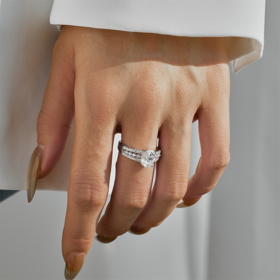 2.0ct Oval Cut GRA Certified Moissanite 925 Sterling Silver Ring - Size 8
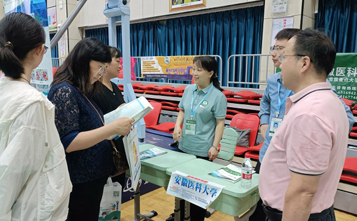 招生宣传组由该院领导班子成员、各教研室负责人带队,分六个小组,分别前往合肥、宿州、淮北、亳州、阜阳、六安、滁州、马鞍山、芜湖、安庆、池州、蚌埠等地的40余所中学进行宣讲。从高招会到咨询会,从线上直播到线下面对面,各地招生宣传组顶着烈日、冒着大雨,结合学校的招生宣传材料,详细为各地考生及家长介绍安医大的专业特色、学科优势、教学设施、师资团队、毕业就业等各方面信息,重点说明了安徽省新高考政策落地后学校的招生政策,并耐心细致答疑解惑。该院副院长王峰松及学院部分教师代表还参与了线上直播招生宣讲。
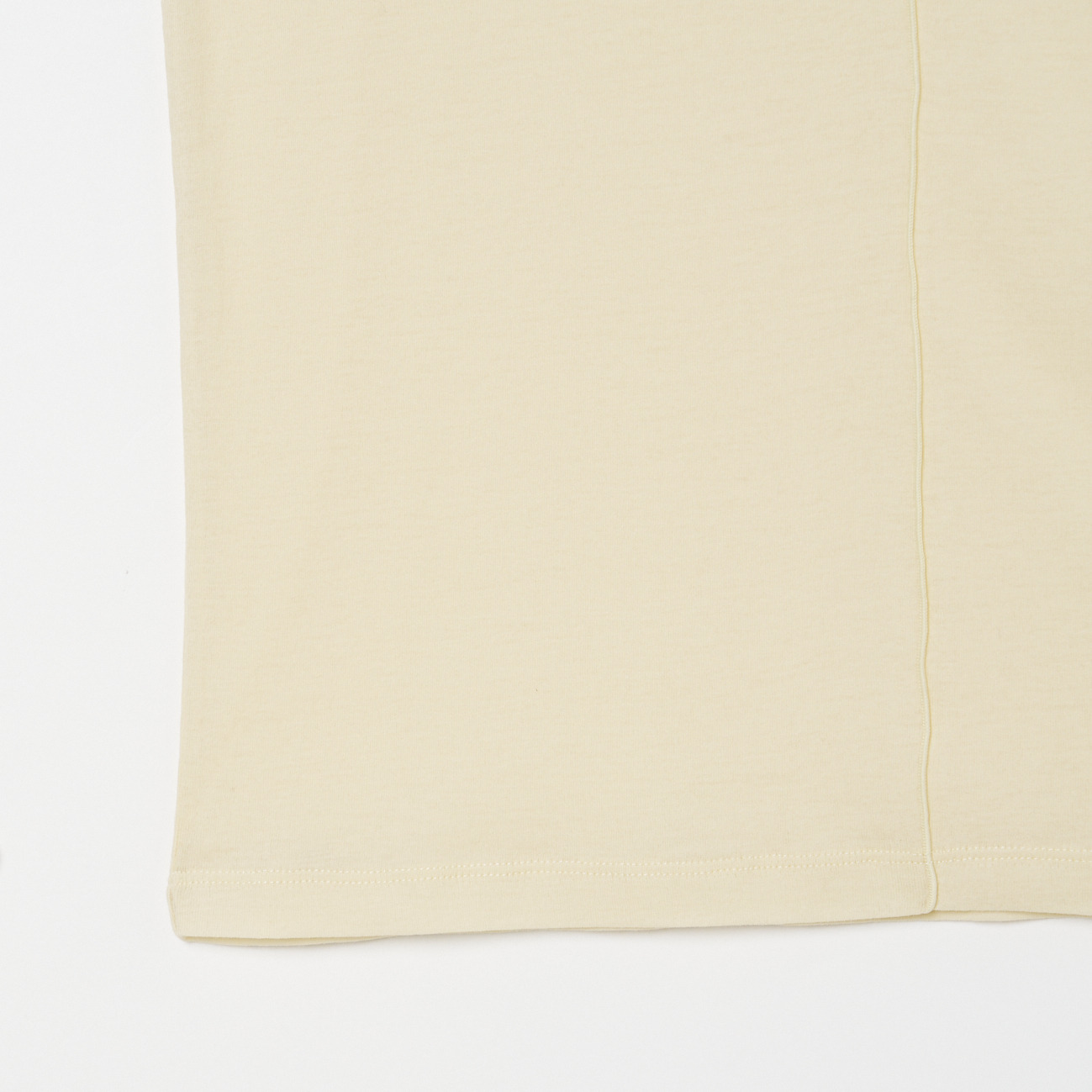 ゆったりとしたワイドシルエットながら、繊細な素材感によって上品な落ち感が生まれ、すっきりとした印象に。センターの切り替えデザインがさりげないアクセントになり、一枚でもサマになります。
_ _ _
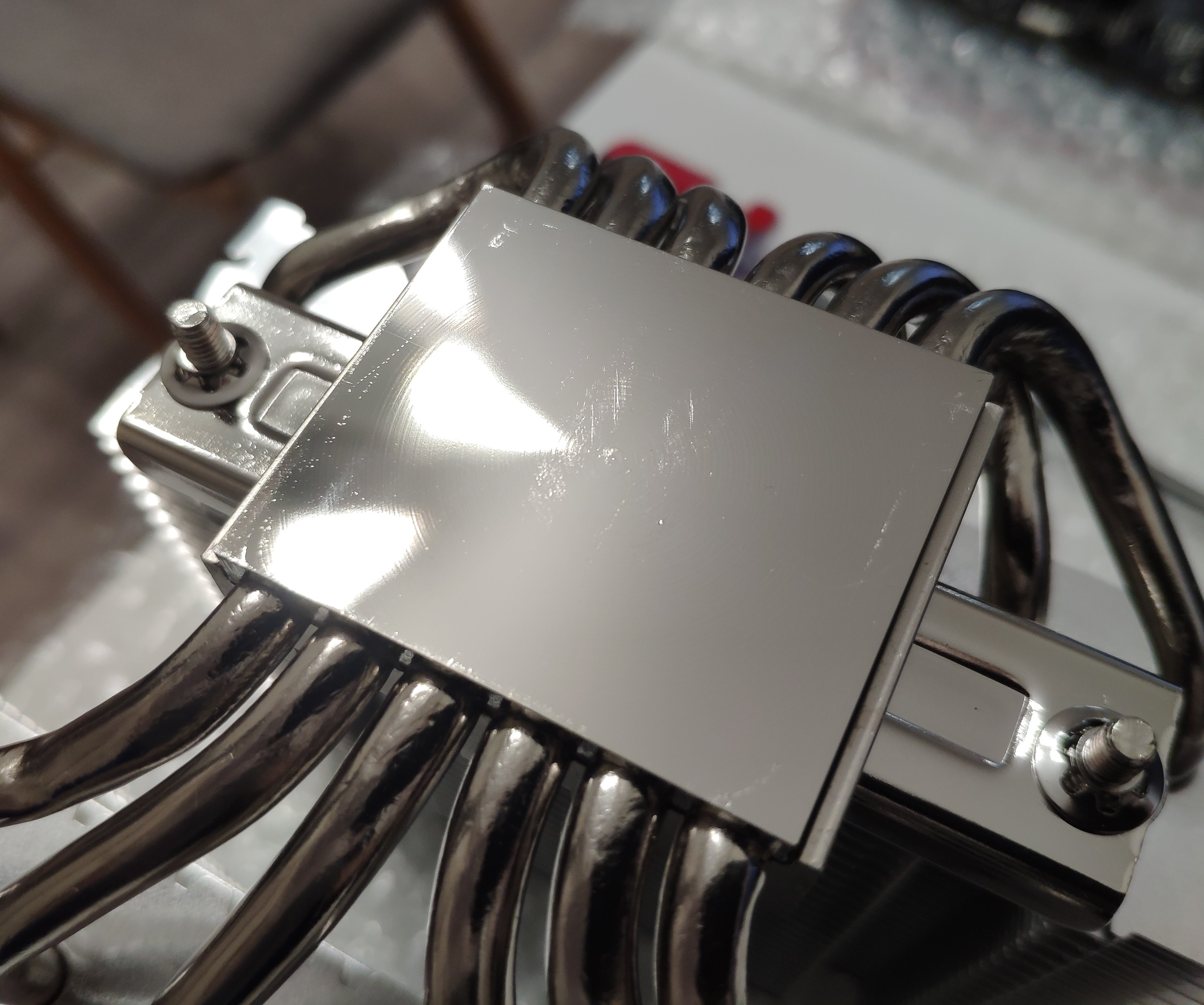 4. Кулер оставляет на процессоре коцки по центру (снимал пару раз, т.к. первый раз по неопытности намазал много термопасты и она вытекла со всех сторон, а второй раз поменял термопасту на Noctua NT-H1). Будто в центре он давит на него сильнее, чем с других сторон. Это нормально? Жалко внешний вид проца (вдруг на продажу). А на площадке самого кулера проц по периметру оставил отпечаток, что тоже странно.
_ _ _
### What to do
Above are entries with pictures among them. Write out exactly the lines from the one containing "招生宣传组由该院领导班子成员" through the one containing "ゆったりとしたワイドシルエッ", ends included, and leave those pictures out.

### Written response
 招生宣传组由该院领导班子成员、各教研室负责人带队,分六个小组,分别前往合肥、宿州、淮北、亳州、阜阳、六安、滁州、马鞍山、芜湖、安庆、池州、蚌埠等地的40余所中学进行宣讲。从高招会到咨询会,从线上直播到线下面对面,各地招生宣传组顶着烈日、冒着大雨,结合学校的招生宣传材料,详细为各地考生及家长介绍安医大的专业特色、学科优势、教学设施、师资团队、毕业就业等各方面信息,重点说明了安徽省新高考政策落地后学校的招生政策,并耐心细致答疑解惑。该院副院长王峰松及学院部分教师代表还参与了线上直播招生宣讲。
 ゆったりとしたワイドシルエットながら、繊細な素材感によって上品な落ち感が生まれ、すっきりとした印象に。センターの切り替えデザインがさりげないアクセントになり、一枚でもサマになります。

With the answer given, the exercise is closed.